Solos Are the Future? Not News To Us But Good News Nonetheless

I’ve long believed that solo and small firm practice is the best kept secret of the legal profession. For thirteen years, I’ve blogged about all of the benefits that solo and small firm practice has to offer, particularly in these transformative times.  Yet even as big law fell from grace, the legal profession continued to focus on saving big law  rather than exploring the viability of solo and small firm business models as a path to the future.

But now, after all this time, solo and small firm practice is receiving the recognition and respect that it deserves. The Legal Pioneer blog recently featured an interview with legal futurist Jordan Furlong  who had this to say about solo practice:

I actually think the future lies with niched, networked, entrepreneurial solos: lawyers who may have their own clients, but who primarily are called in to work on several overlapping projects with an always-revolving set of colleagues, like skilled trades on a building project. We still tend to interpret “solo” as “general practitioner,” which is a problem, because what we think of as general law practice is on its way to extinction: much consumer law will eventually be conquered by non-lawyers and algorithms, with lawyers on the fringe. Future solos will be specialized and agile, online and accessible, using technology to dispense basic documents and transactions and adding value through skilled counsel and strategy.

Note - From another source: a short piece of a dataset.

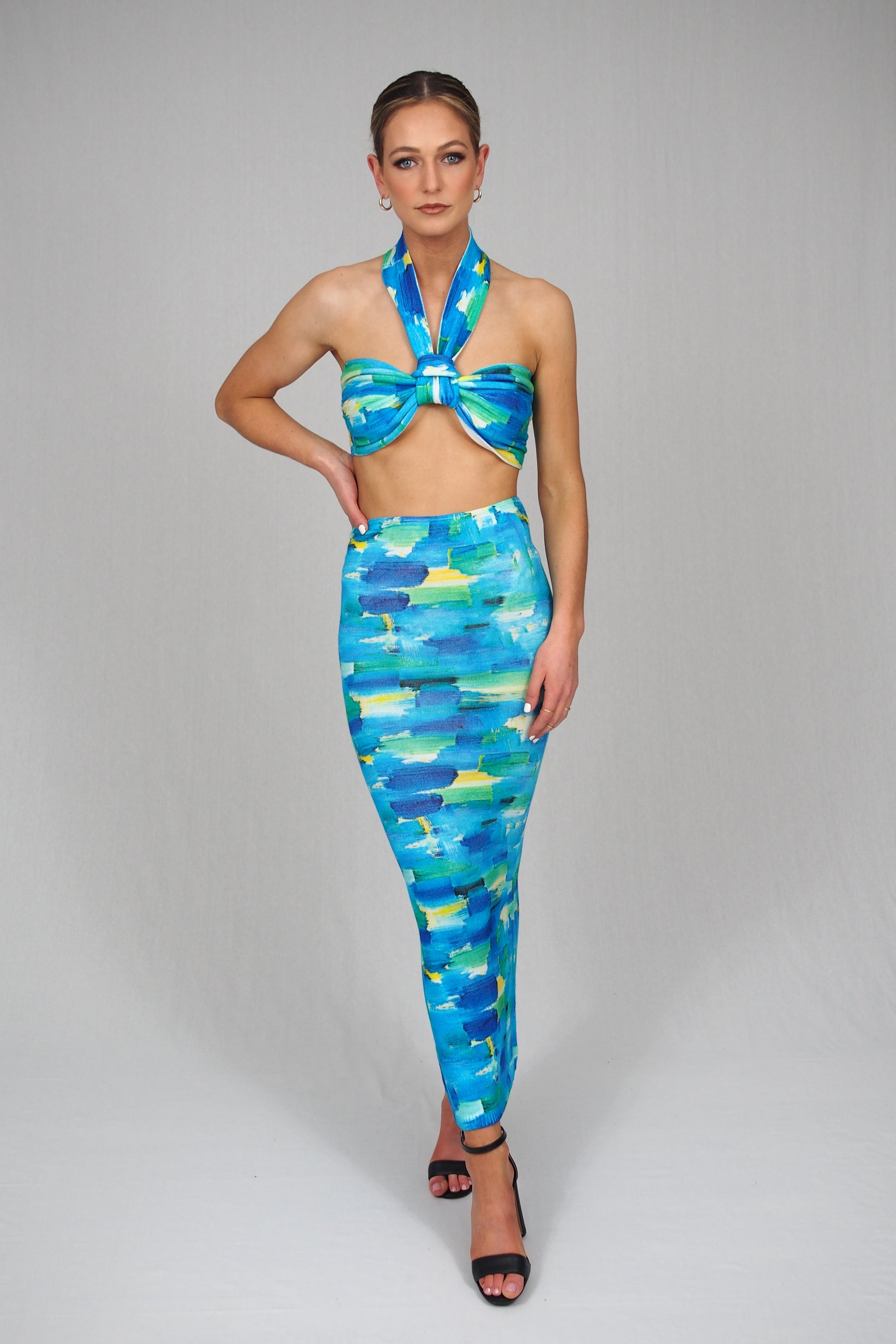 "The Carmen Skirt in Ocean by Asta Resort is a midi-length, figure hugging skirt designed to be worn low-rise or high-rise. Part of a set in our exclusive Ocean print, hand-painted in our Sydney studio. Made from 87% cotton 13% spandex for a soft and comfortable wear that gives stretch."

Equally encouraging, solos and smalls (also known as independent lawyers) are thriving in the UK, succeeding even against non-lawyer owned and well-capitalized alternative business structures. As Legal Futures reports,  LEXISNEXIS’s Business of Law blog recently commissioned a survey on solo and small firms in the UK, which found that in spite of a recession, 82 percent of participants reported that their practices were stable or had grown during that period. The report also observed a “successful new breed of entrepreneur” among solos and smalls, with practices were experiencing faster growth than the average.

Of course, none of this comes as news to those of us who have been working independently all along. Still, it’s great to see that others are now recognizing, albeit belatedly, the value and opportunity that starting a firm can offer.

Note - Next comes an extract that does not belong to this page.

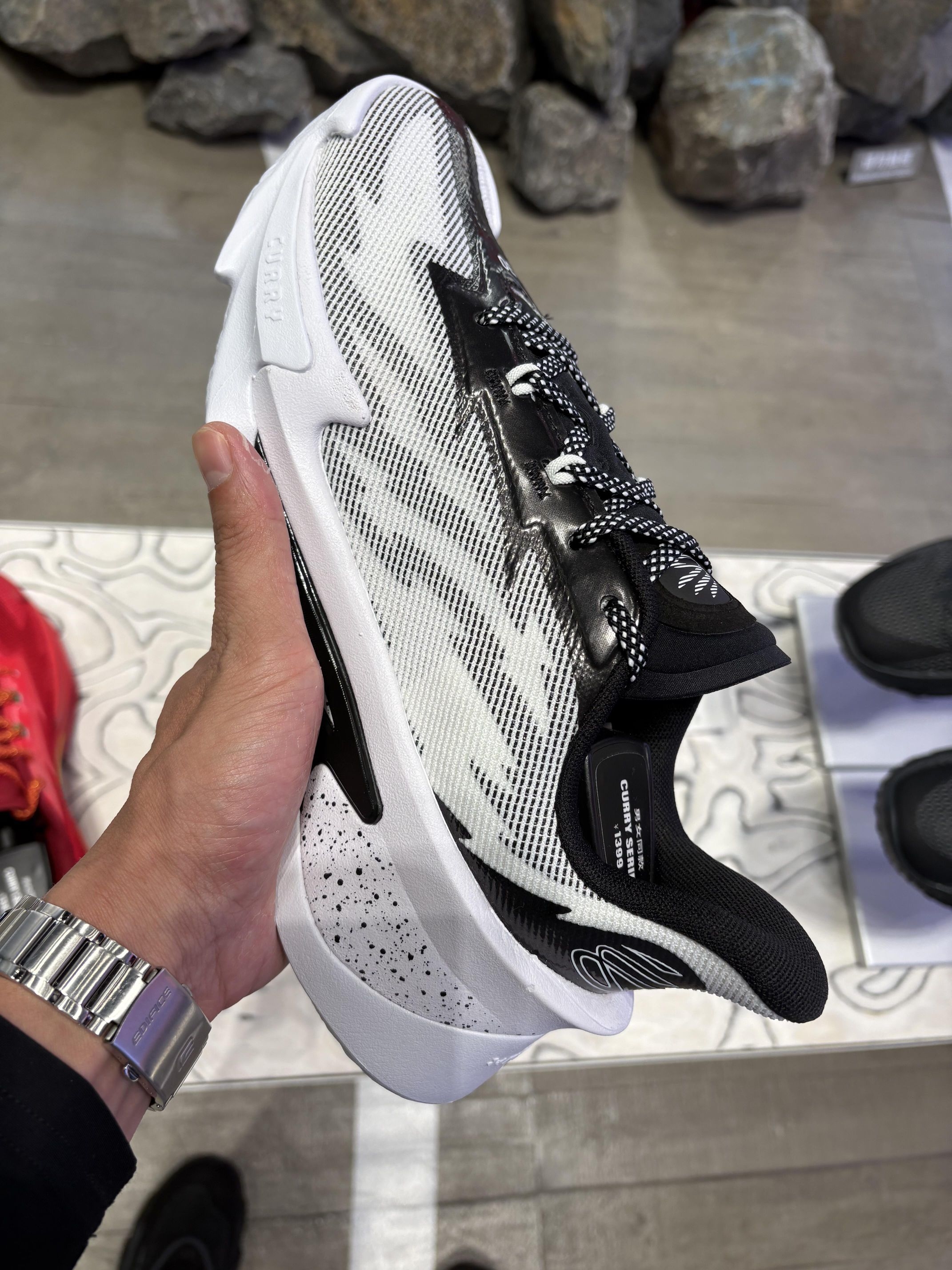 🏀库里13代篮球鞋,黑白配色超百搭,网面材质透气又轻便,长时间运动也不闷脚!鞋底防滑耐磨,抓地力强,适合高强度实战场景⚡。中底缓震回弹,减震效果好,青少年和学生党都能轻松驾驭

  1. Josh on March 27, 2014 at 10:18 am

    Great post! I could not agree more. Building my practice as a niche attorney with the ability to work with and connect my clients to others on an as needed basis. I routinely get clients that call me and say, “I know you don’t work in this area……but I know you will have a good referral for me…” Part trusted advisor, part strategist, part entrepreneur……..that is certainly the recipe I am trying to make……

  2. Luke Ciciliano on March 27, 2014 at 11:46 am

    Good point on the distinction between “solo” and “general practitioner.” I ran a small shop but practiced almost exclusively in family law. There was nothing “general” about my firm. It will be interesting to see how the shift to smaller/niche practices impacts state bar policies on calling one’s self a “specialist.”

  3. Bill on March 29, 2014 at 3:25 pm

    I couldn’t agree more with the overarching theme. I also practice in a specialty (government contracts), and find no hesitation from large companies in using a solo. At first I wasn’t sure if it was because I had existing relationships from my large firm days, but my “post-going solo new clients” fit the same profile of the clients that moved with me: mostly very large and mid market, and a few (funded) smaller firms. My only quibble with the quoted piece (and a different experience from Josh): it is very rare for any of my clients to ask me for a referral to a lawyer in another specialty. They tend to have multiple law firms, and a very large professional network.